Между тем дома не хватало денег и профессор втихаря должен был заложить золотые часы. Разве он мог оставить несчастного? Стыдно ему было попрошайничать.
Первого дня спасённый лежал, зачитываясь Шекспиром, курил сигары и сигареты, спал и свистел. Профессор заставал его потом за разными занятиями. Целыми часами присматривался к воробьям, отправляющим сеймики на крыше напротив. Потом ходил по покою, толкаясь о стены, то снова сидел на стуле сгорбленный со свешенными руками и головой… книжку долго не мог читать – нормальный разговор вести не умел. Смеялся над самыми грустными вещами, а грустил над самыми весёлыми… временами это походило на безумие.

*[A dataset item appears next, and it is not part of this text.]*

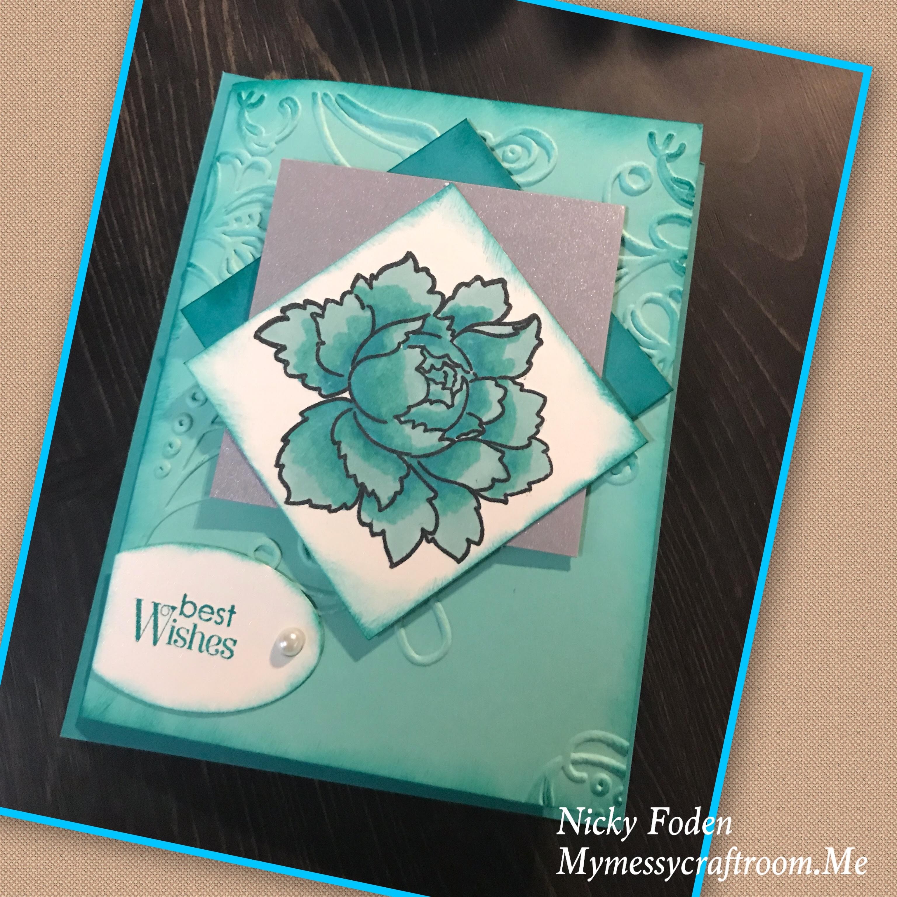 Happy Saturday, and today for the Crazy 4 Challenges challenge we have a design challenge. I needed to make a wedding card a few weeks back so I thought this design for this challenge would make a pretty card so I have been patiently waiting to post this card. I really love this colour combo, I actually had some of my supplies still sitting out after making this card so I used some of the same products to make last weeks Christmas in July card.

Дав ему так хорошо выспаться и думая, что наконец можно будет поговорить с ним более серьёзно, третьего дня вечером с сильным решением узнать что-нибудь определённое, профессор Куделка вошёл в комнатку на третьем этаже. Было в ней именно столько стульев, сколько их требовала конференция. По правде говоря, на одном из них стояла миска с водой, но ту достойный Куделка упрятал и сел у столика напротив своего пациента.
– Дорогой пане Мурминский, – произнёс он, – мы должны искренне от сердца к сердцу поговорить. Дай мне ладонь с таким чувством, с каким я тебе её подаю, и не таись от меня.